Training

The best chest move you aren’t doing

Doing endless press-ups without any visible improvements to your pec dance? Blame biology, not your genetics. Your pectoral muscles’ main purpose is adduction of the shoulder – bringing your upper arm inward towards your body, like you do when you hit a forehand in tennis – so pushing/pressing movements aren’t terribly effective at targeting them.

What is? Any move that involves that inward motion of the arm – think dumbbell flyes – but especially ones that keep tension on the muscles for at least a few seconds each rep, forcing them to grow.

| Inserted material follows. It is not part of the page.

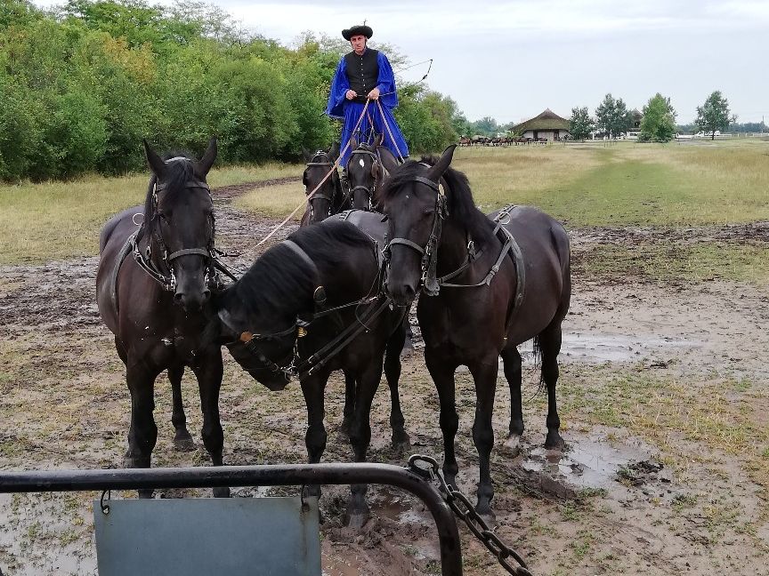まず姿を現したのはスイギュウの群。続いて角が特徴的なハンガリー特有の灰色牛(マジャール・スルケ牛)。次いで独特の民族衣装に身を包んだカウボーイが馬に乗って登場。鞭の音一つで馬を「伏せ」「お坐り」など思いのまま、まるで犬のように操ります。次いで角の捻れたラツカ羊。最後に五頭立ての馬を一人の騎手が操るパフォーマンス。左右の脚をそれぞれ別の馬の背に載せての妙技に見学者一同大興奮でした。
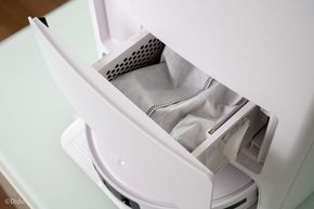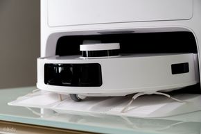 Dù không có camera và đèn nhưng T20e Omni định vị và phát hiện vật cản khá tốt. Về cơ bản nó sẽ tránh được những vật cản như dép, đồ đạc nhỏ trong quá trình đi lau nhà. Mình có thử với các vật siêu nhỏ như sợi dây, đồ chơi nhỏ thì khả năng nó va chạm và đè lên vẫn có. Khả năng tránh vật cản của T20e Omni mình đánh giá ngon hơn Roborock Q Revo mà mình sử dụng, cùng chung phân khúc. Giẻ lau xoay của robot có thể nâng lên 9mm khi đi vào khu vực thảm và sẽ được sấy bằng khí nóng khi đã giặt xong để đảm bảo khô nhanh hơn và diệt khuẩn. Có ba mức điều chỉnh lượng nước đổ ra trong quá trình lau nhà, mình để mức vừa thì thấy T20e Omni cho ra lượng nước khá nhiều, những ngày độ ẩm cao như này thì chúng ta không cần nhiều nước như vậy vì nó sẽ lâu khô và tốn nước hơn.

Enter the ‘Squeezer’ press-up, the home-bound gentleman’s best solution for building a bigger chest. To do it, set up as you (hopefully) would for a standard press-up – hands directly underneath your shoulders, body straight. Lower your chest to the floor and then come up – but come up slowly, trying to ‘pull’ your hands towards each other.

Enter the ‘Squeezer’ press-up, the home-bound gentleman’s best solution for building a bigger chest

Unless you’ve picked a very slippery floor your hands shouldn’t move, but you’ll still feel the pec activation from the isometric hold – and if you make the ‘up’ part of each rep last 4-5 seconds, you’ll reap the benefits of significant time under tension in each set.

The end result? Even if you do less press-ups – and no benching at all – you’ll build a chest to treasure.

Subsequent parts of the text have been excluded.